O que se viu no dial carioca desde a virada do milênio foi a consolidação do FM

dentro do segmento rádio em detrimento do AM, cada vez mais visto como um modelo

datado, ainda mais depois do lançamento de tocadores de música portáteis de high fidelity e,

sobretudo, da fuga incessante de anunciantes para outras mídias. Um caminho encontrado

por algumas empresas de radiodifusão foi o simulcasting, ou seja, a transmissão da

programação tanto em AM quanto em FM. De acordo com Hal Kneller, em vez de resgatar

o sistema de amplitude modulada, o simulcasting contribuiu para agravar a situação das

emissoras que operavam canais distintos em AM e FM, numa espécie de canibalização da

audiência.

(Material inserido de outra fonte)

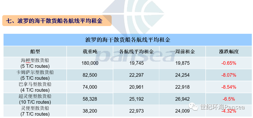海岬型散货船5条航线平均日租金19,745美元,较一周前下降0.65%;卡姆萨尔型散货船5条航线平均日租金22,297美元,较一周前下降8.07%;巴拿马型散货船4条航线平均日租金20,961美元,较一周前下降8.54%;超灵便型散货船10条航线平均日租金25,192美元,较一周前下降6.5%;灵便型散货船7条航线平均日租金22,973美元,较一周前下降4.32%。

Segundo ele, quando simplesmente se duplica a programação em duas bandas, os

ouvintes preferirão sempre a qualidade do FM, com a consequente desmobilização das

equipes de trabalho. A pesquisadora Nelia Bianco destaca:

“A saída sugerida pelos radiodifusores é utilizar os canais 5 e 6 das Tvs analógicas que serão desocupados totalmente em 2016, quando terminar o simulcast da TV digital, para aumentar a disponibilidade de canais FM e transferir para o AM esse novo ambiente. Na prática, cada emissora de rádio AM receberá um canal na nova faixa de FM” (BIANCO, 2012, p. 34)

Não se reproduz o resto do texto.